[Task objective] From the material below, retype exactly the lines that begin at the line with "当查看部分商机详情时,若系统" and end after the line with "Vintage VERSACE Green"; pictures stay out of the copy.

[Listed records]
+ + + + + + +
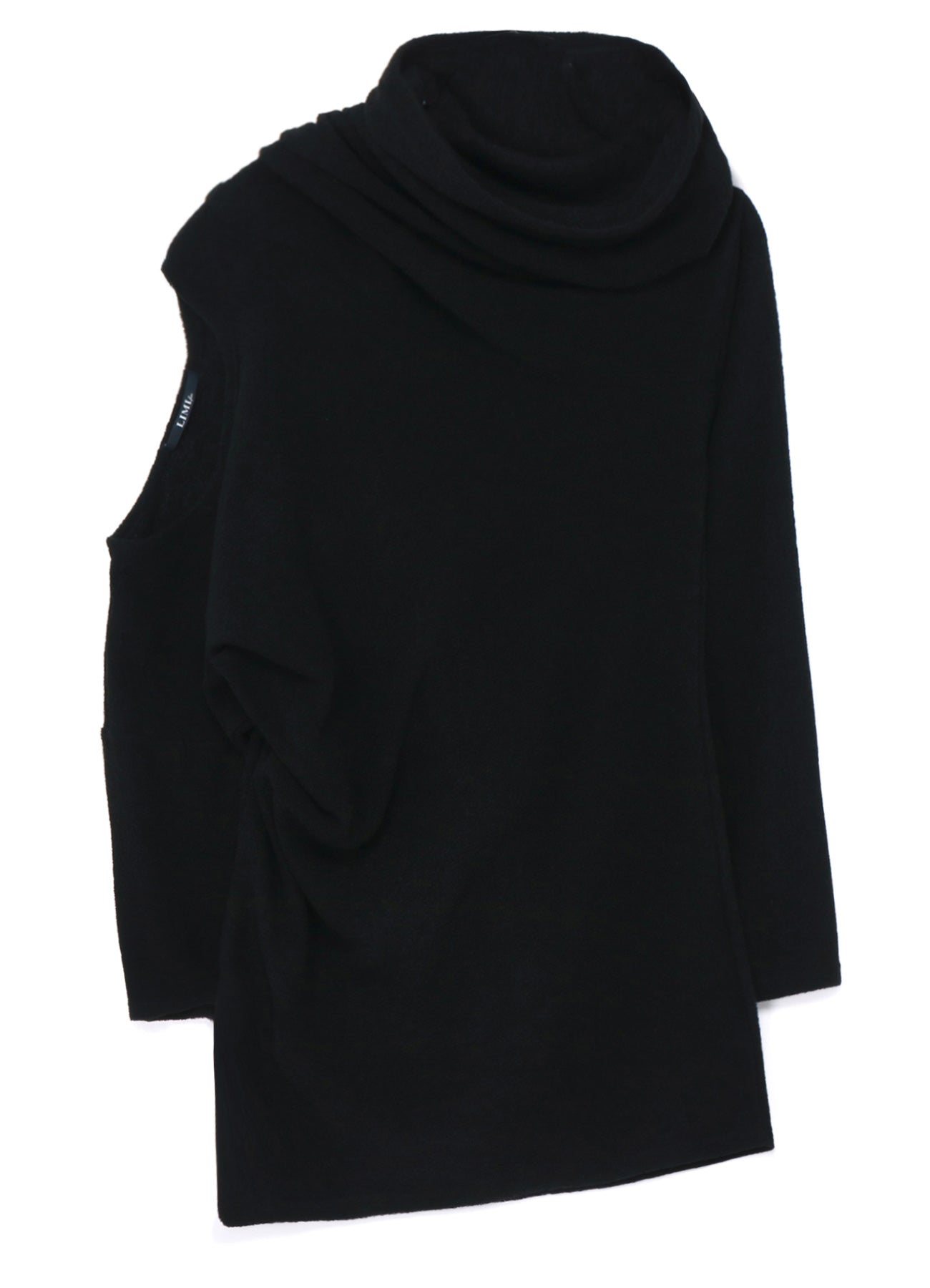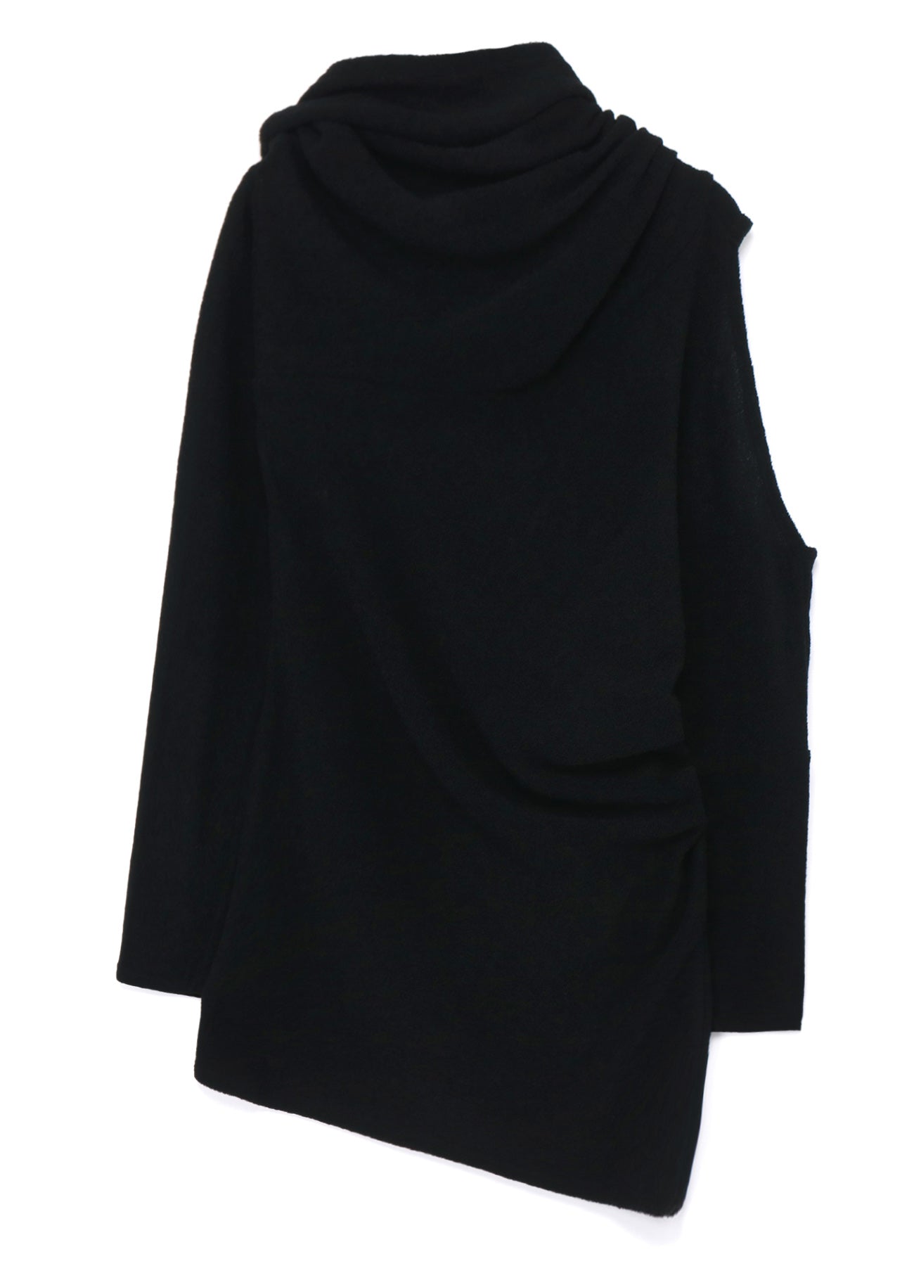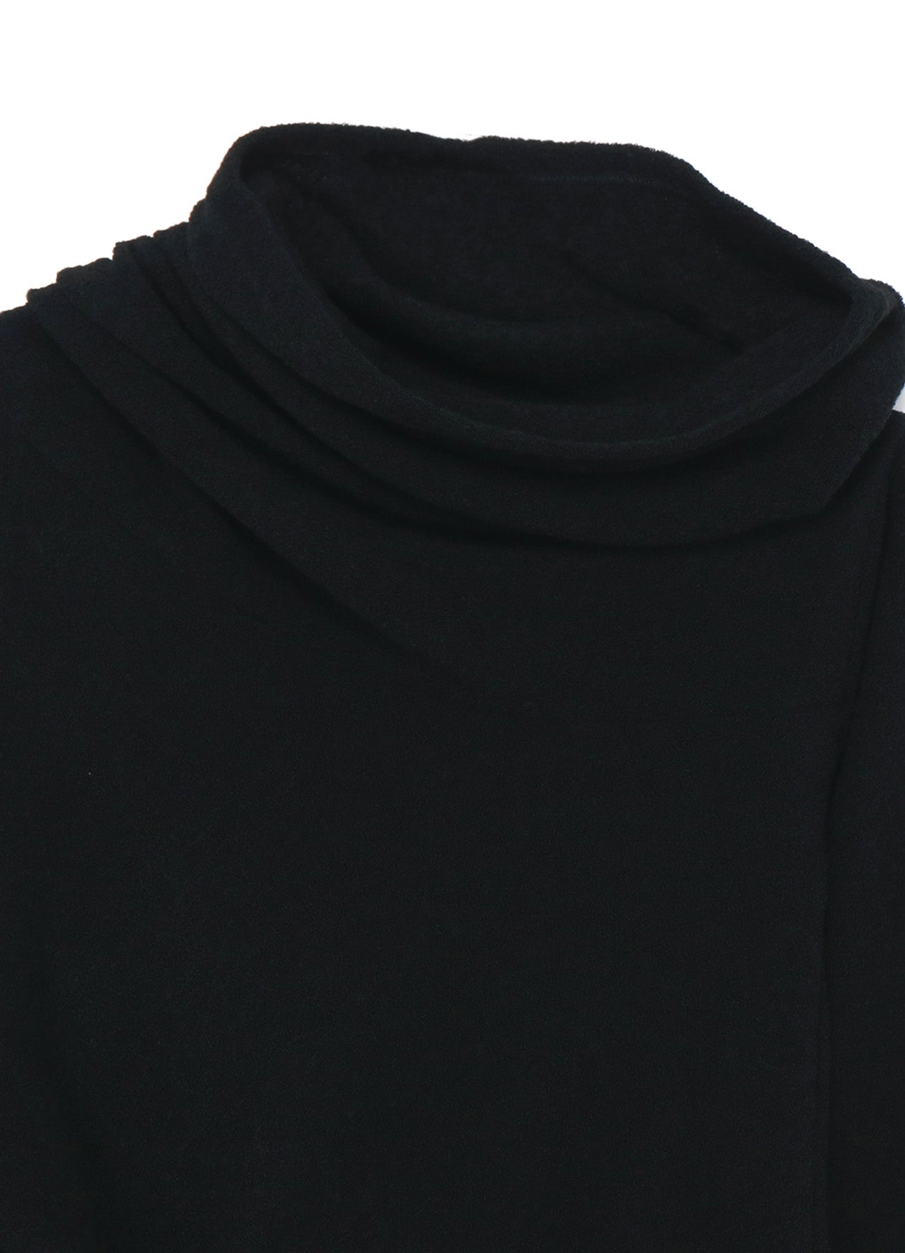 Indulge in the voluminous, soft, and warm fabric of this top. With a woolly texture ideal for casual styling, it offers two unique wearing methods. The crew-neck design features wide sleeves with draped fabric, or you can opt for a mock neck with an open right shoulder.
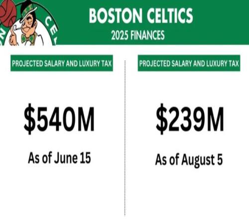 當然,騎士隊這邊是補強了陣容實力,而凱爾特人管理層則展現了截然不同的操作思路,從去年夏天休賽期至今,他們通過一系列精妙操作,成功將總薪資壓到奢侈稅線之下,減少了高達約3.3億美元的薪資和奢侈稅支出,真是讓人嘆為觀止。
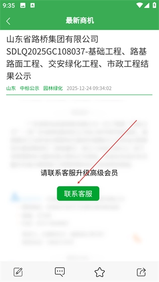 当查看部分商机详情时,若系统提示需要升级会员,您可以点击【联系客服】按钮,向客服咨询会员升级的相关事宜,从而获取完整的商机信息。
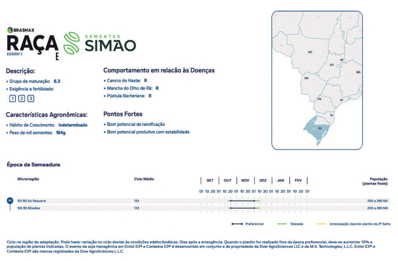 A cultivar RAÇA E apresenta desempenho equilibrado, com foco em estabilidade produtiva e bom potencial de ramificação, sendo indicada para diferentes condições de cultivo.
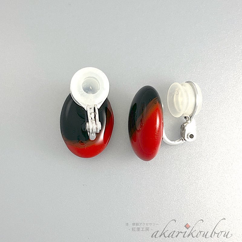 赤と黒のぼかし塗り楕円形漆イヤリング。黒漆の比重を多めにした飽きが来ない使いやすい定番のイヤリング。
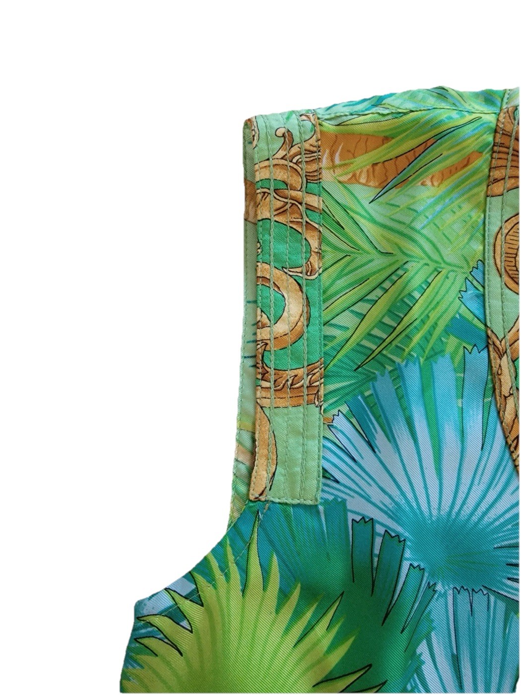 Vintage VERSACE Green Sleeveless Silk Blouse with Ornate Gold Pattern
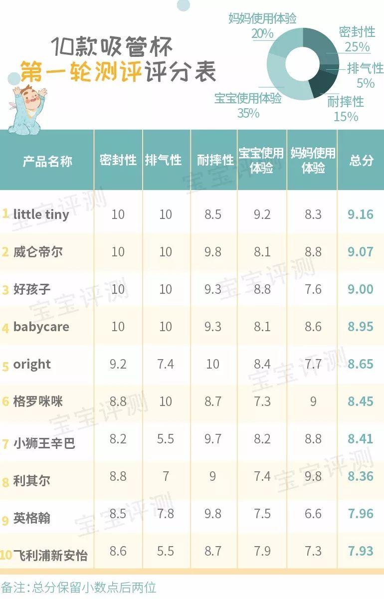 在密封性、排氣性、耐摔性、寶寶使用體驗、媽媽使用體驗等5項測評結束后,笨爸爸給不同的評測指標按重要程度進行權重劃分(具體權重見圖表),再經過加權平均計算,10款吸管杯第一輪測評的總分及排名情況如下:
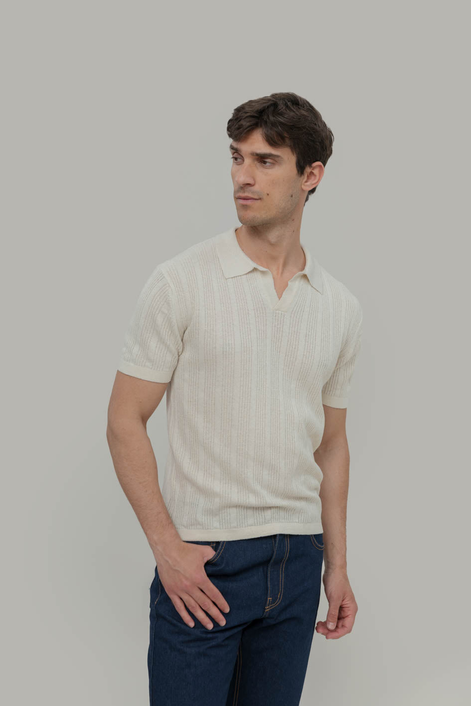 Seiden-Poloshirt – Rifo (Natur)
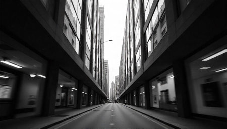 Urban canyon perspective between modern city buildings in monochrome
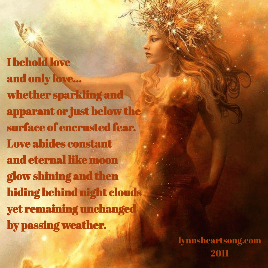 Nov30 Constant and Eternal Posted on November 30, 2011 by Lynn Kennedy Standard I behold Loveand only Love…whether sparkling and apparentor just below the surface of encrusted fear.Love abides constant and eternal,like moon glowshining and then hidingbehind night cloudsyet remaining unchangedby passing weather. 2011 Share this: Click to share on X (Opens in new window) X Click to share on Facebook (Opens in new window) Facebook Like Loading...
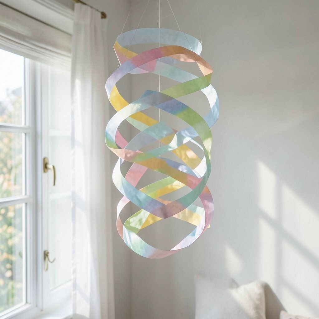 Make a mobile with spiraled strips of paper. It’s light, airy, and perfect for any room.
+ + + + + + +
[Exercise response]
 当查看部分商机详情时,若系统提示需要升级会员,您可以点击【联系客服】按钮,向客服咨询会员升级的相关事宜,从而获取完整的商机信息。
 A cultivar RAÇA E apresenta desempenho equilibrado, com foco em estabilidade produtiva e bom potencial de ramificação, sendo indicada para diferentes condições de cultivo.
 赤と黒のぼかし塗り楕円形漆イヤリング。黒漆の比重を多めにした飽きが来ない使いやすい定番のイヤリング。
 Vintage VERSACE Green Sleeveless Silk Blouse with Ornate Gold Pattern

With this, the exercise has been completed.